The video cards recommended are higher-end ATI, nVidia, and 3Dlabs. 

I was thinking of getting an Intel iMac at home to run Solid Works, but I don't think that's going to happen for a while. 

_(Later...)_just did a quick google search, and I found this:

http://www.architosh.com/news/2005-06/2005c-0607_edrawings.html

At least it's a start.

Has anyone here actually used any CAD software successfully on a Mac?


----------



## dona83 (Jun 26, 2005)

I primarily used AutoCAD for 2D but it is resource intensive nonetheless, add 3D into the equation and it gets slow. I've been begging my IT guy for another gig of RAM on my work PC since I started dealing with 3D about a couple of months ago. 25% of my work is done in 3D now...


----------



## Vexel (Jan 30, 2005)

Well.. I took GordGuide's advice today... and download the Universal Binary (Unstable) of Q.

I have Windows 2K Pro running a heck of a lot faster than it ever did in VPC. It's only going to get better from here. 

Check it out if you're interested.. the link is in GordGuides post.


----------



## ender78 (Jan 23, 2005)

Vexel said:


> Well.. I took GordGuide's advice today... and download the Universal Binary (Unstable) of Q.
> 
> I have Windows 2K Pro running a heck of a lot faster than it ever did in VPC. It's only going to get better from here.
> 
> Check it out if you're interested.. the link is in GordGuides post.


Can you post the link to the specific version that you downloaded.


----------



## green_ears (Feb 26, 2005)

nxnw said:


> For me, this is a more attractive proposition than running windows on an Intel mac (in a window, dual boot, whatever) because it offers the windows apps without the unwanted costs and risks of running windows.

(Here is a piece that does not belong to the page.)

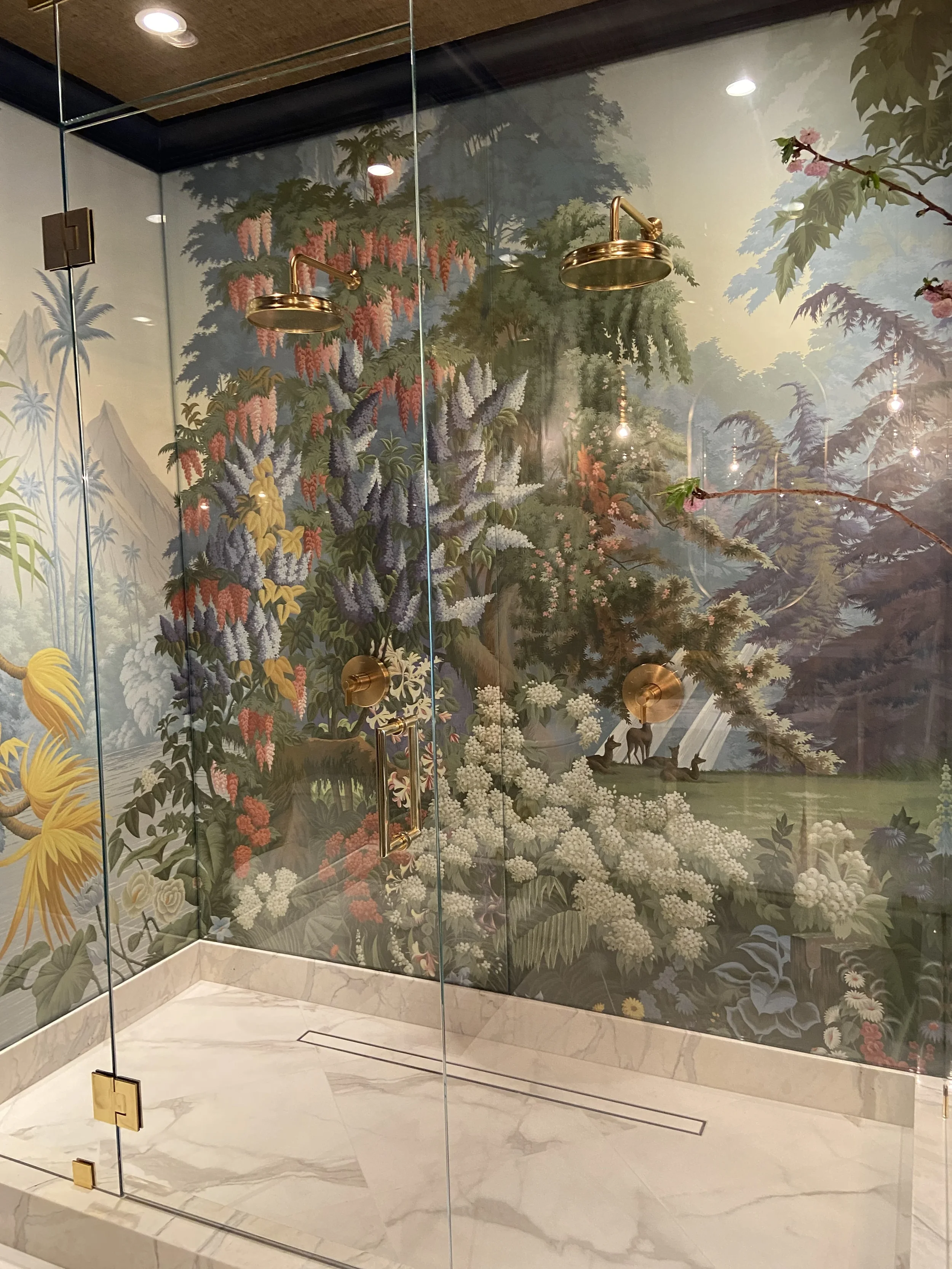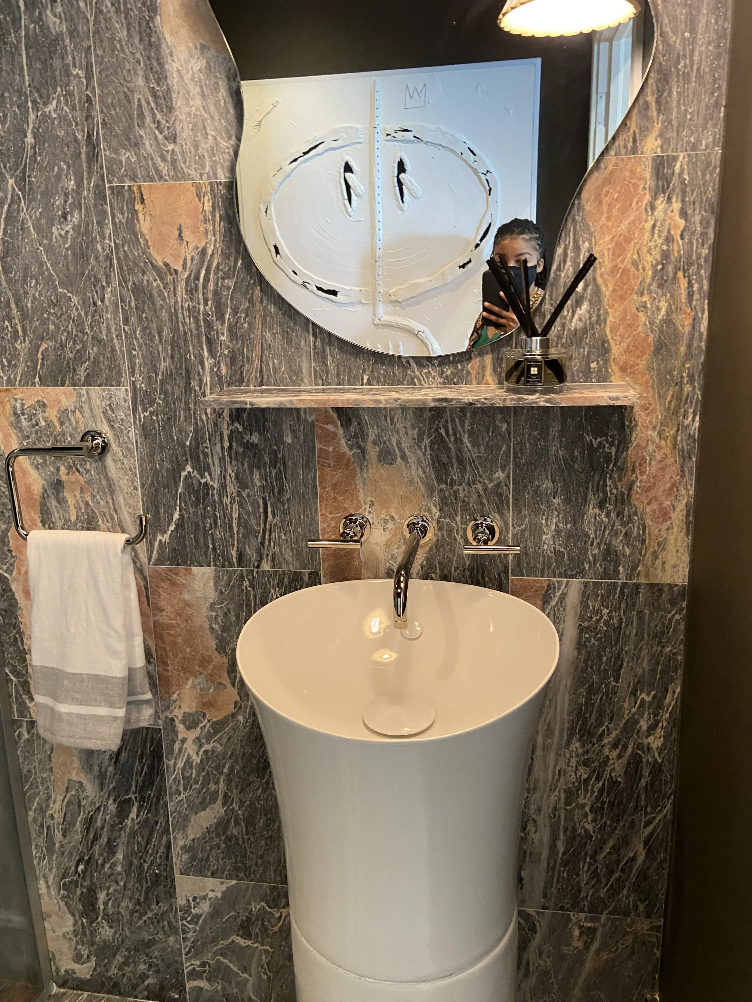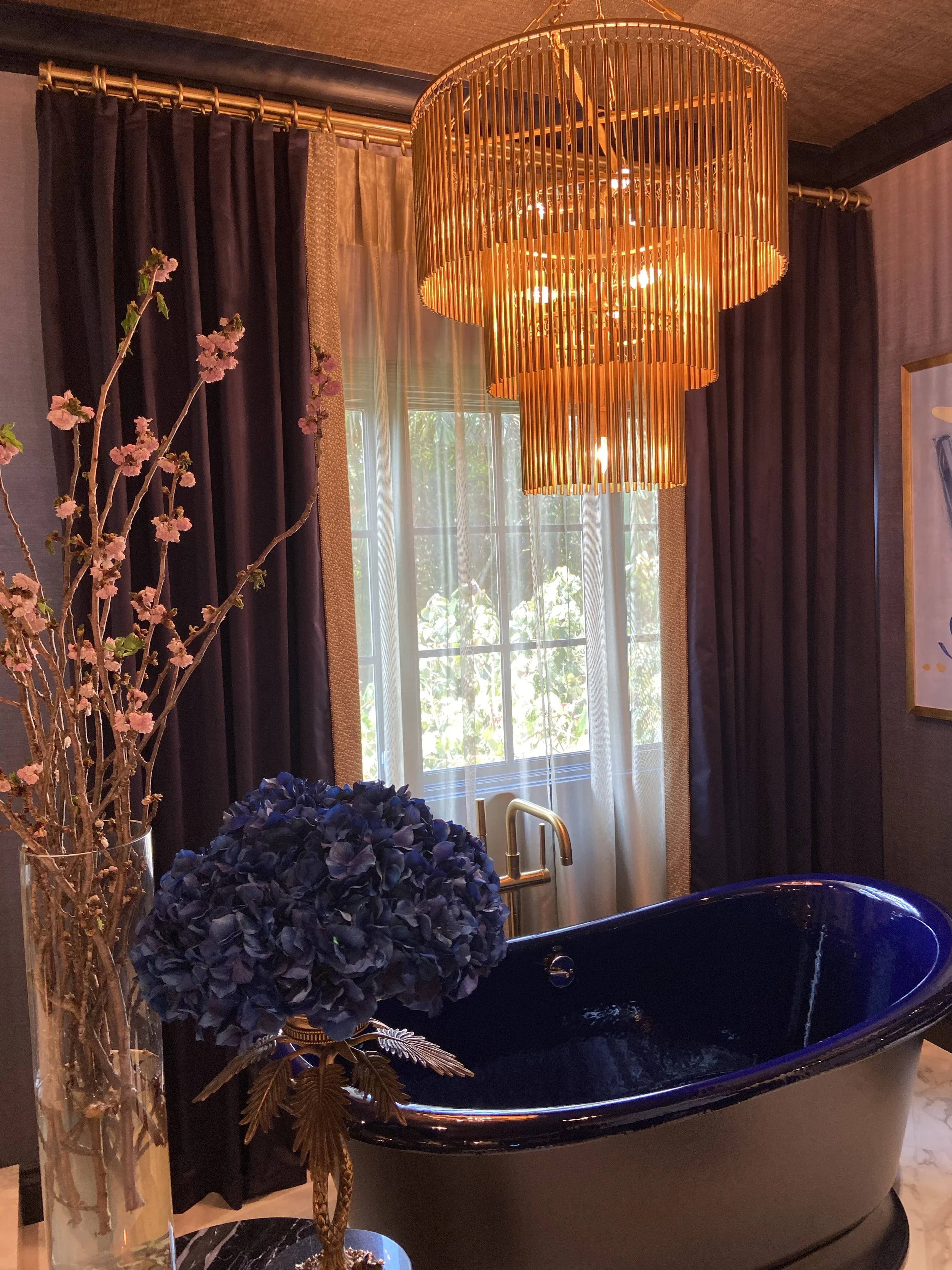 I strongly connected with this bathroom being that, like my living room, was built around one single piece. In the case of my living room, it was an art piece of Cardi B and for Naranjo it was the indigo bathtub. Her goal was for guests to feel swept into an enchanted garden. I think she achieved that and more. I was surprised to learn that most of the items, including the bathtub, are from Kohler. It may be time for me to give that brand a little bit more attention once I get underway with my home renovations.

Awsome! Definately better than running the crap OS that is MS Windows. I use to do that on Linux and apps were like 10X faster than in MS Windows. ;oP PS games will also be easier to use (although a little slower executing because of the translation from DirectX to OpenGL)... No more waiting 2 years for a full port... Ports might also be faster too mind you... I hope they release Cedega for Mac now that we're all dealing with X86 processors... Shouldn't be too complicated to port from Linux to Darwin (FreeBSD).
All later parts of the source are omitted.